[Organization] R - Study Notes - Getting Started

Download and related preparation

windows operating system

R download: https://www

.r-project.org/

Rstudio download: https://www.rstudio.com/products/rstudio/download/

Linux operating system CENTOS

R is already downloaded Rstudio after wget, the rpm file will not compile TAT without root privileges

Study book recommendation: https://xccds1977.blogspot.sg/2013/02/r.html

Reference: http://staff.ustc.edu.cn/~zwp/teach/Stat-Comp/R4beg_cn_2.0.pdf

                Going to the library to borrow "R in action"...

object

When R is running, all variables, data, functions and results are stored in the computer's memory activities in the form of objects, and are given corresponding names and codes.

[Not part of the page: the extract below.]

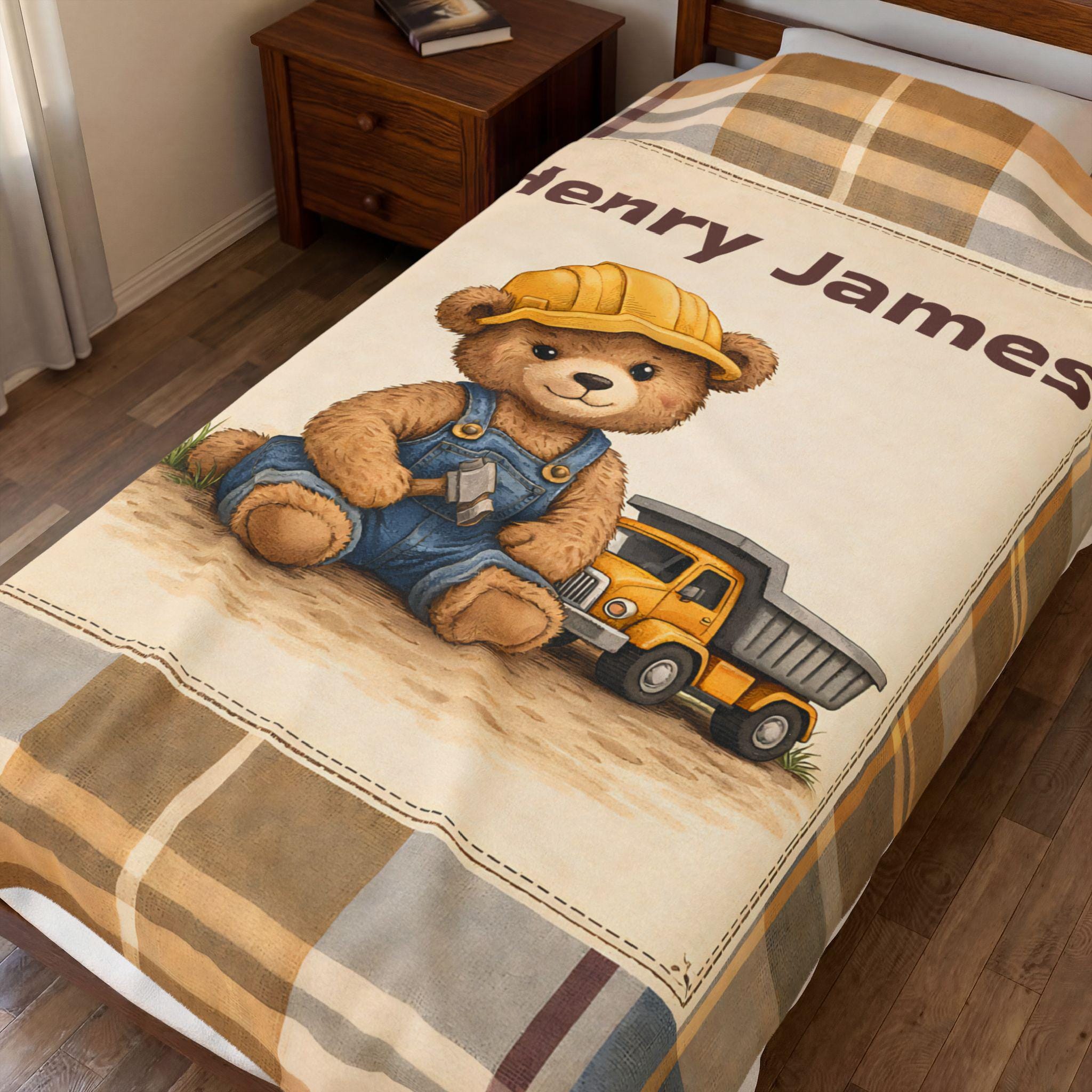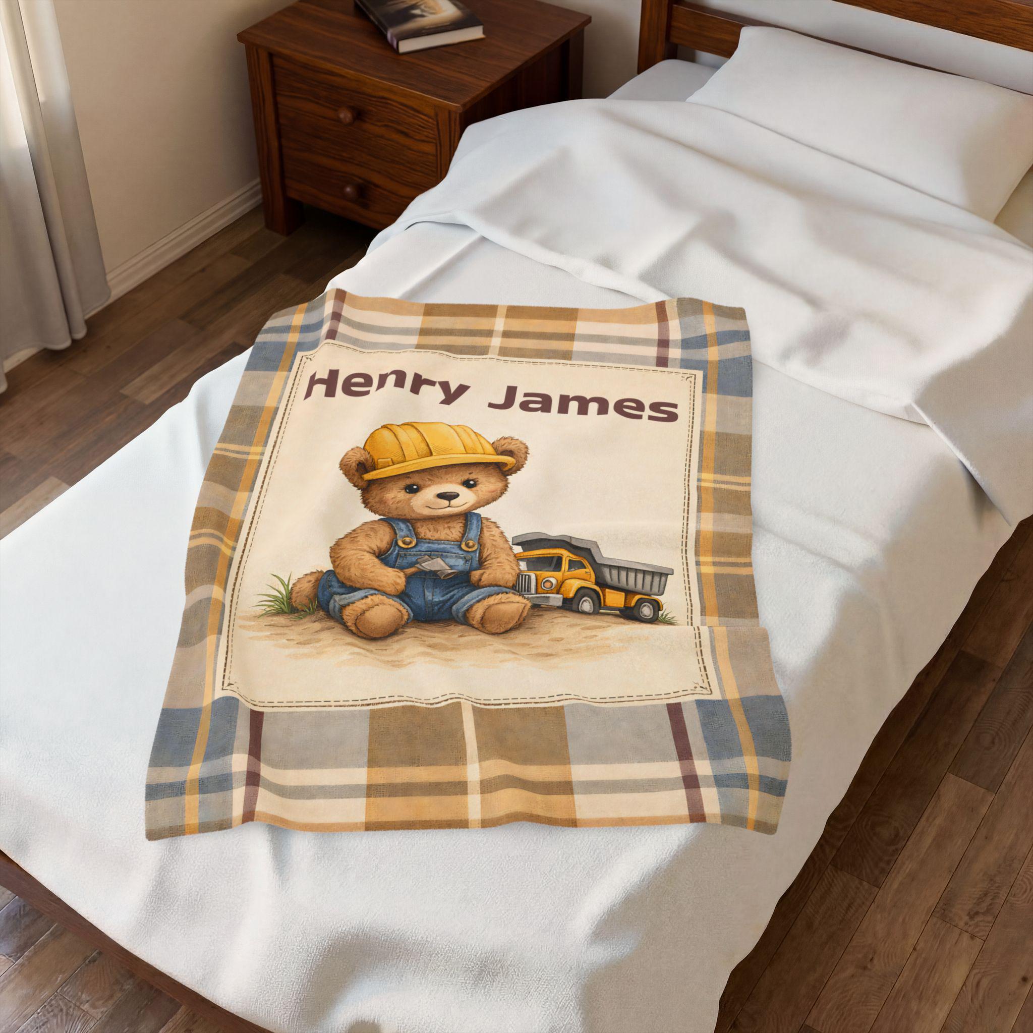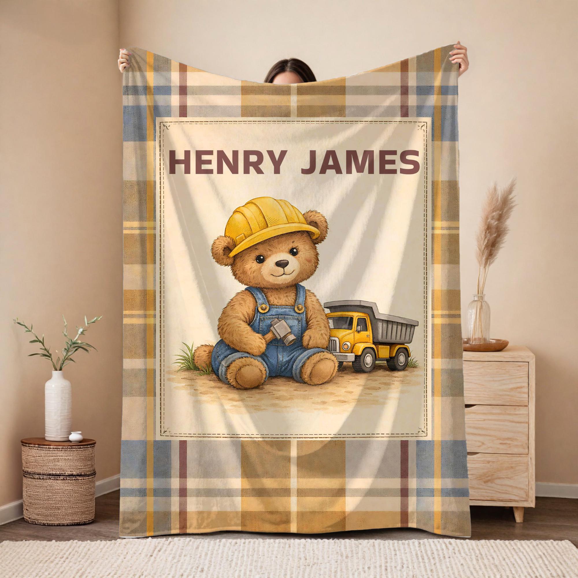 Wrap your little one in comfort and timeless nursery charm with this personalized construction teddy bear velveteen blanket. Designed with a soft vintage plaid background and an adorable little builder bear, this custom name blanket adds warmth, personality, and cozy style to any baby boy’s nursery.

Object's intrinsic properties:

    Type mode() Numeric, Character, Complex, Logical

    length length() the number of elements in the object

> x <- 1
> mode(x)
[1] "numeric"
> length(x)
[1] 1
> x <- "helloworld"; y <- TRUE; Z <- i
Error: object 'i' not found
> x <- "helloworld"; y <- TRUE; Z <- 1i
> mode(x);mode(y);mode(Z)
[1] "character"
[1] "logical"
[1] "complex"

Object operations:

Assignment/Modification: <-

remove: rm()

> rm(Z)
> ls()
[1] "x" "y"
> rm(list=ls())
> ls()
character(0)

Inf: +∞ -Inf: -∞ NaN: Not a Number

Classification of objects:

    Vector: distinction between external attributes dim and length,

    factor (numeric or character), array, matrix (two-dimensional array),

    Data frame: Consists of one or several vectors and/or factors, must be present, but can be of different data types,

    Time series: contains additional attributes such as frequency, time, etc.

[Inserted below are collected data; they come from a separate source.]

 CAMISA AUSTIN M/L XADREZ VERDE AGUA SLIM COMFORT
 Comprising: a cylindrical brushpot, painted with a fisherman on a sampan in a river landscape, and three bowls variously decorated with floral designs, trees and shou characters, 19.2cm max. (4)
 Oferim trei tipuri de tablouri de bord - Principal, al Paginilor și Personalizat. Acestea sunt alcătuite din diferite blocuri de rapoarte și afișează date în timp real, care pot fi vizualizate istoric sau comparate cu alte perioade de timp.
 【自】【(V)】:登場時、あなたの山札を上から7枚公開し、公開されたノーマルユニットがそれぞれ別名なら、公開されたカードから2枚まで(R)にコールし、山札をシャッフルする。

    List: Can contain any type of object.

file read and write

R-readable data: data stored in text files (ASCII)

                        Other format files (Excel, SAS, SPAA) and access to SQL-type databases - advanced applications

Read:

read.table()

> mydata <- read.table("C:/data/test_data.txt")
#Create a data frame mydata
Warning message:
In read.table("C:/data/test_data.txt") :
  incomplete final line found by readTableHeader on 'C:/data/test_data.txt'
> View(mydata)
# Each variable in the data frame is named, the default is V1, V2...
> mydata$V1;mydata["V1"];mydata[,1] #Access variables individually
[1] 1 2 #Vector
  V1
1  1
2 2 #dataframe
[1] 1 2 #Vector

Default Default:

read.table(file, header = FALSE, sep = "", quote = "\"’", dec = ".",row.names, col.names, as.is = FALSE, na.strings = "NA",colClasses = NA, nrows = -1,skip = 0, check.names = TRUE, fill = !blank.lines.skip,strip.white = FALSE, blank.lines.skip = TRUE,comment.char = "#")

file

A filename (enclosed in "", or using a character variable) or a URL link (http://...) (for remote access to the file using a URL)
header Reflects whether the first line of this file contains variable names
sep field separator
quote Specifies the character used to store character data
dec

character used to represent the decimal point

row.names A vector holding the line names, or the serial number or name of a variable in the file, by default the line number is 1, 2, 3, . . .

col.names

character vector specifying column names (default: V1, V2, V3, . . . )
as.is

Controls whether to convert character variables to factor variables (if the value is FALSE), or to keep them as characters (TRUE)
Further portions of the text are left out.